# Born of Hope debut is TOMORROW!



## WonderBroad (Nov 30, 2009)

Hey, all! Don't forget to watch _Born of Hope_ tomorrow, Dec. 1, on www.dailymotion.com or at www.bornofhope.com.

I know I will be watching!


----------



## Halasían (Jan 6, 2017)

I've watched it a few times over the years, and I think the movie is a worthy depiction of the tale.
The acting is a bit rough at times, but overall it was good entertainment.


----------



## Phuc Do (Dec 24, 2017)

What is Born of Hope? Tv series or film? I am too lazy to check it out.


----------



## CirdanLinweilin (Dec 24, 2017)

Phuc Do said:


> What is Born of Hope? Tv series or film? I am too lazy to check it out.



A Fan-Film based on Tolkien's world. It follows Aragorn's Parents, especially Arathorn, and his family and the Dúnedain.

CL


----------



## Halasían (Dec 25, 2017)

Phuc Do said:


> What is Born of Hope? Tv series or film? I am too lazy to check it out.

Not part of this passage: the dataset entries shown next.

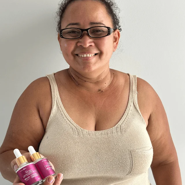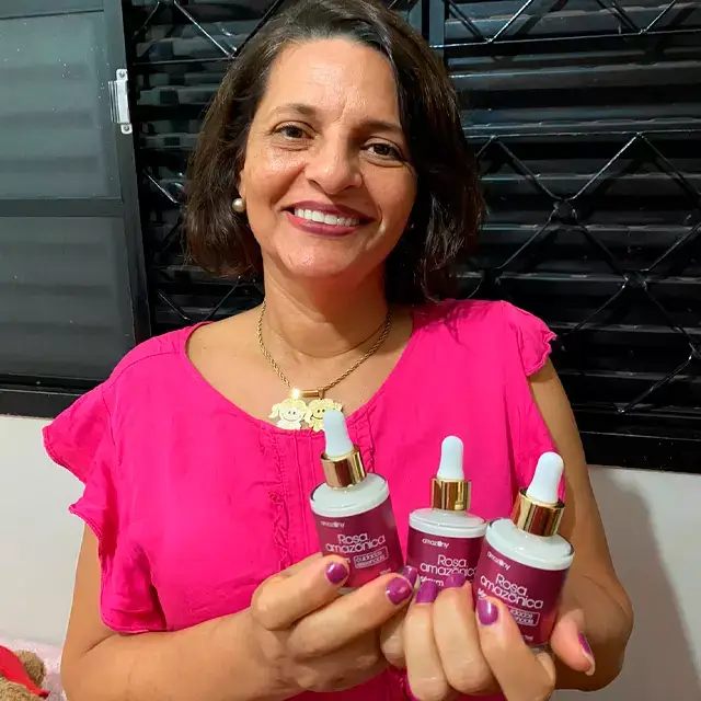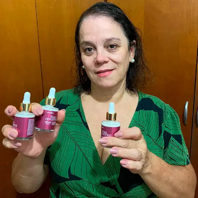 - “De início fiquei desconfiada…pois já fui enganada comprando produtos que não funcionaram em mim. Sorte a minha que eu estava errada! Escolhi o Kit com 3 frascos para testar. Graças a deus hoje posso sair na rua sem entopir o rosto de maquiagem para esconder as olheiras que eu tinha. Agradeço de coração à Rosa Amazônica e sua equipe por transformarem a minha vida!”.
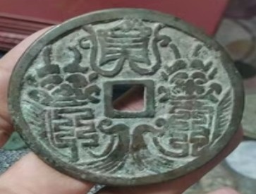 此枚元代山鬼花錢直徑64.5mm ,厚重、端莊、大氣,紅斑綠銹,銹色誘人,字口深俊飽滿,一眼開門到代的山鬼精品,也是迄今發現最早期的山鬼花錢,已知存世量不足十枚,彌足珍貴,相對大家常見的清代山鬼花錢而言,說它是山鬼花錢的鼻祖也不為過。
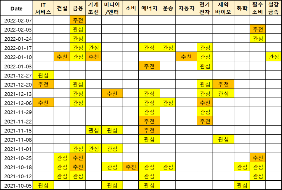 3주 내내 섹터 추천이 매우 좁아졌습니다.. 그 의미는 시장이 계속 어렵고, 그렇기 때문에 선명하게 현실을 방어한다는 것입니다. 금융은 대표적인 배당주이고, 내수주이며, 금리인상 수혜영역입니다.

Wow... you ARE lazy. You could have been lazier and typed 'Born of Hope' into Google and got the answer. Guess you needed a reason to swear.


----------



## Phuc Do (Dec 31, 2017)

hehe i guess you are right I always find an excuse for swearing.


Halasían said:


> Wow... you ARE lazy. You could have been lazier and typed 'Born of Hope' into Google and got the answer. Guess you needed a reason to swear.


----------



## Halasían (Jun 23, 2018)

I will add that Born of Hope is best watched on a computer. I watched it from YouTube on my 55" UHDTV and it appeared really rough.


----------